Commanders and leaders
- Ahmed Ben Arafa Muhammad al-Zafzaf Muhammad Ben Abi Al Tayyib Cachazo: Abu Abdallah Muhammad V al-Hasan Spanish Empire Álvaro de Sande Spanish Empire Louis de Regón Spanish Empire Gaspard Muñoz

Strength
- 22 000 cavaliers 15,000 infantrymen 600 firearms carriers: 60,000 soldiers Spanish Empire 2,000 soldiers

Casualties and losses
- Unknown: 6 killed Spanish Empire Heavy

= Battle of Monastir (1540) =

In 1539, Andrea Doria succeeded in recapturing the cities of Kelibia, Sousse, Monastir, and Sfax on behalf of the Hafsid prince. However, Kairouan remained in open revolt, and the Hafsid ruler sought to avenge his earlier defeat at the hands of the Chabbia tribes.

==The battle==
Initially, on the outskirts of Monastir, all the Moors serving in the Hafsid sultan’s army betrayed him and joined the enemy forces. As a result, the sultan was forced to retreat and regroup with a Spanish battalion, as he was left with only 2,000 soldiers. He later returned at the head of an army of 60,000 men, composed mainly of Arab tribesmen and supported by 2,000 Spanish troops under the command of Álvaro de Sande. The remainder of the Spanish forces were stationed in Monastir under the command of Gaspard Muñoz.

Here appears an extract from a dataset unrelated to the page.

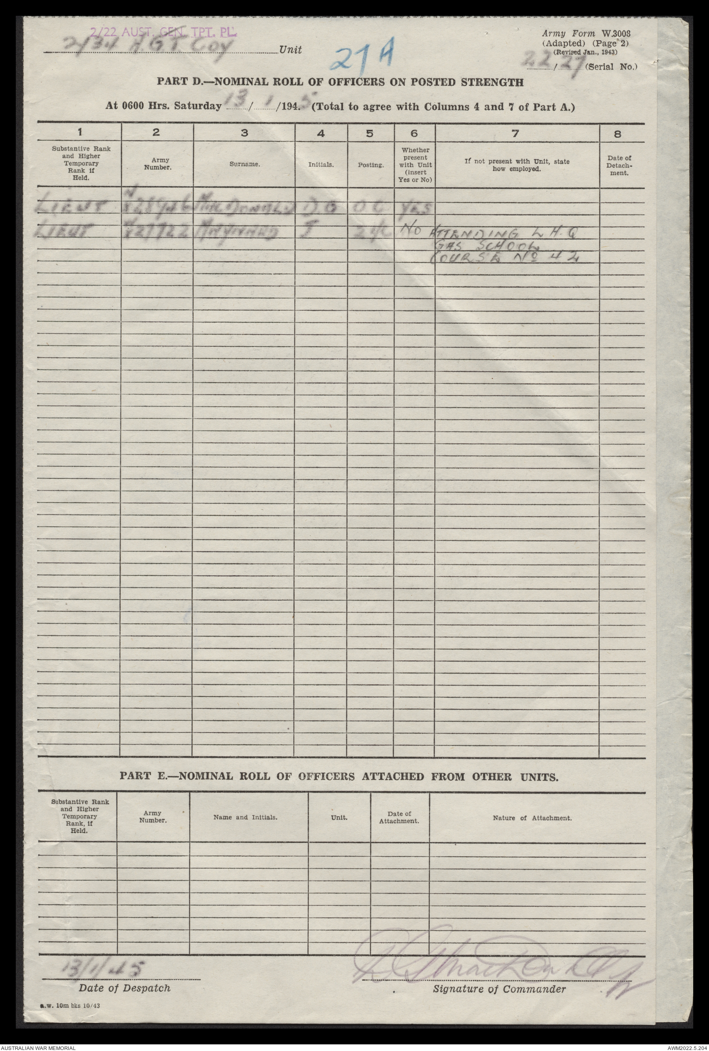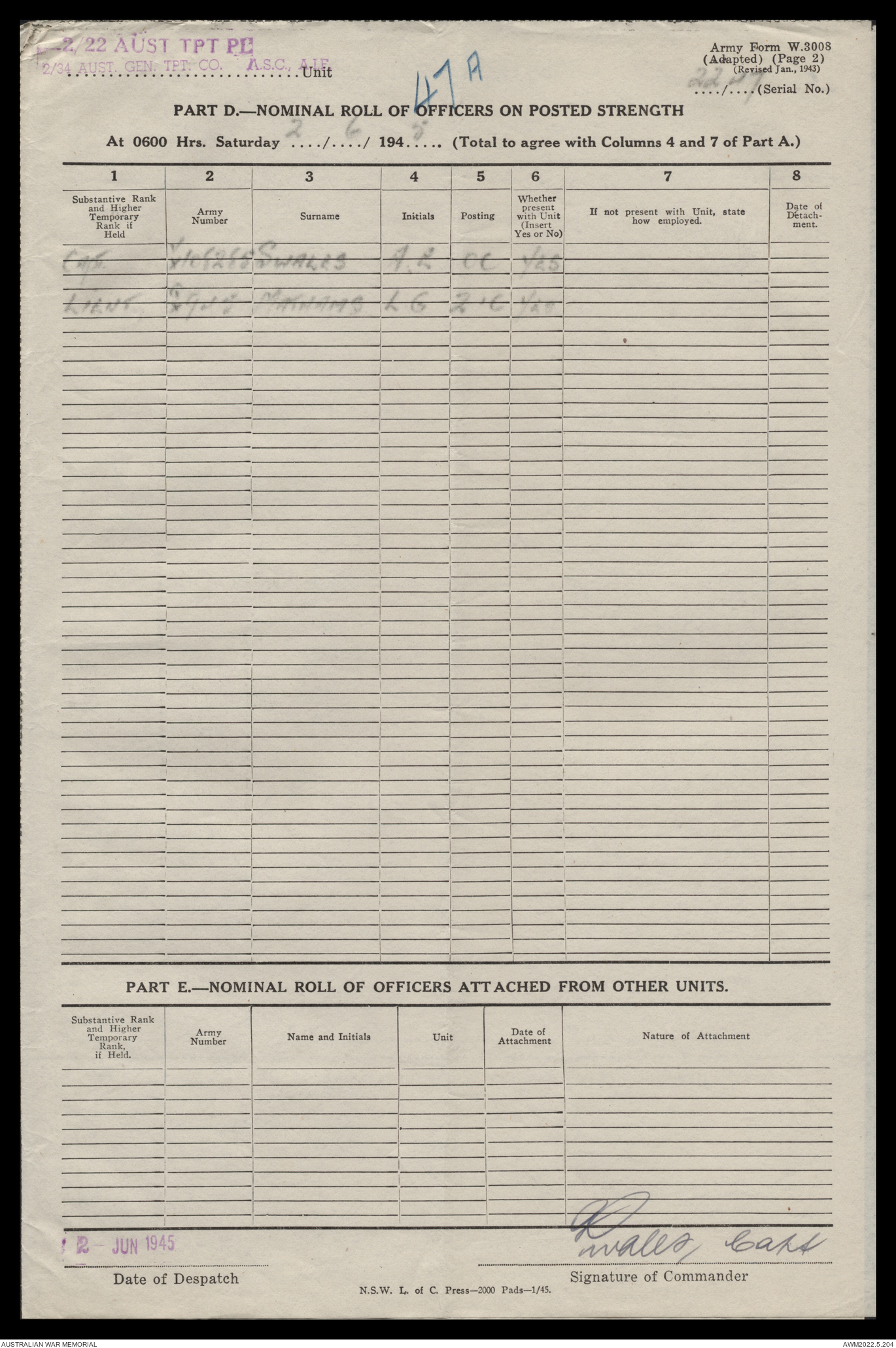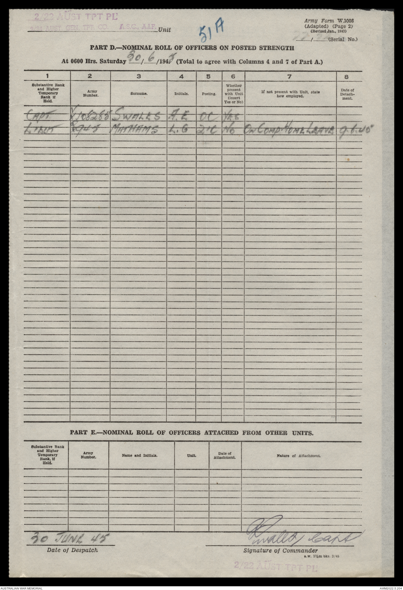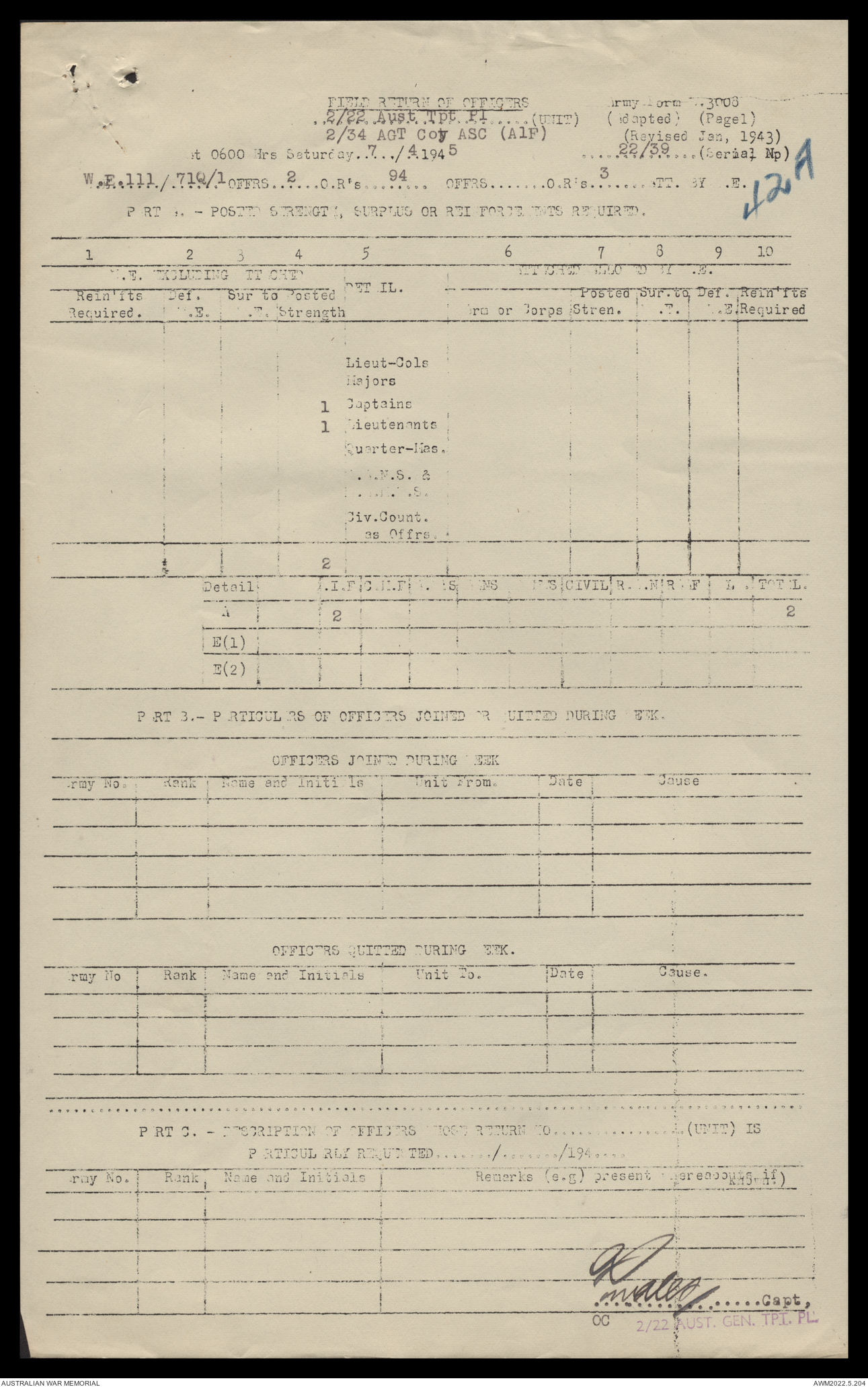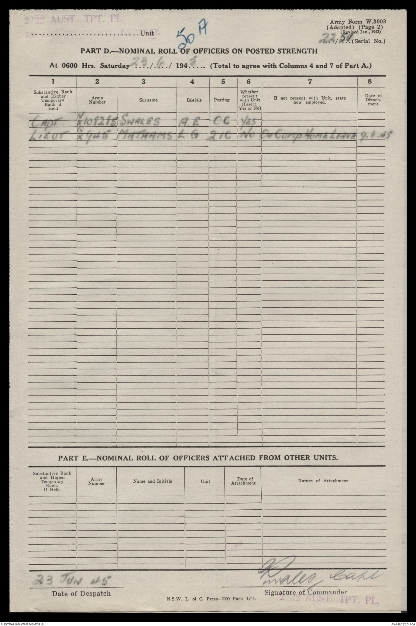AWM52 10/4/22/2 - [Unit War Diaries, 1939-45 War] 2/22 Transport Platoon, January - June 1945

The Spanish launched an offensive toward Monastir but were halted near Batn-el-Karn. The Hafsid king fell into an ambush and fled to Sousse. Meanwhile, the Spanish forces attempted to retreat toward Monastir, but the rearguard, commanded by Louis de Regón, became bogged down in the Sabkha and was annihilated.

==Aftermath==
Following the battle, the Spanish forces withdrew from Monastir. Almost immediately, the cities that had previously been pacified by the Spanish rose in revolt and placed themselves under the protection of Dragut.